** Opening Provided data block **
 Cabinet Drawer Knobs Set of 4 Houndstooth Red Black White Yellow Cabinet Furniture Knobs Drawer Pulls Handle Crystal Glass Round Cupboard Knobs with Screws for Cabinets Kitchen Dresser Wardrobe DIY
** Closing Provided data block **
** Opening Provided data block **
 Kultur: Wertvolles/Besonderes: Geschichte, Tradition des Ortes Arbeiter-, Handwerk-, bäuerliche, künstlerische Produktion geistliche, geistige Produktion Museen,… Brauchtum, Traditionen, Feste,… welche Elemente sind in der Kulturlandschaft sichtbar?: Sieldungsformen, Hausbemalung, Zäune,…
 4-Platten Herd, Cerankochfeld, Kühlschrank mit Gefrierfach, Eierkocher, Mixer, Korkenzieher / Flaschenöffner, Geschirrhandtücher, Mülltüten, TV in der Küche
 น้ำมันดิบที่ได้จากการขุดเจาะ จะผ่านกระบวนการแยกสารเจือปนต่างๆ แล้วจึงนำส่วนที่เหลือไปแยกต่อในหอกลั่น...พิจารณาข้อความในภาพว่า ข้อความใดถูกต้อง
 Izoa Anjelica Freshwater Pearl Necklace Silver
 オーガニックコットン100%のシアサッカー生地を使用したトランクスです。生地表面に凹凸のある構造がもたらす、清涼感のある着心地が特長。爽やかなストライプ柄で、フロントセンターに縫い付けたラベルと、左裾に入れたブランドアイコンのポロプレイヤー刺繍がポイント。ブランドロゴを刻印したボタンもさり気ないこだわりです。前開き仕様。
** Closing Provided data block **
**Exercise**.
Could you set down, exactly as written, the lines above between the one holding "Izoa Anjelica Freshwater" and the one holding "オーガニックコットン100%", inclusive, and nothing more?

**Solution**.
 Izoa Anjelica Freshwater Pearl Necklace Silver
 オーガニックコットン100%のシアサッカー生地を使用したトランクスです。生地表面に凹凸のある構造がもたらす、清涼感のある着心地が特長。爽やかなストライプ柄で、フロントセンターに縫い付けたラベルと、左裾に入れたブランドアイコンのポロプレイヤー刺繍がポイント。ブランドロゴを刻印したボタンもさり気ないこだわりです。前開き仕様。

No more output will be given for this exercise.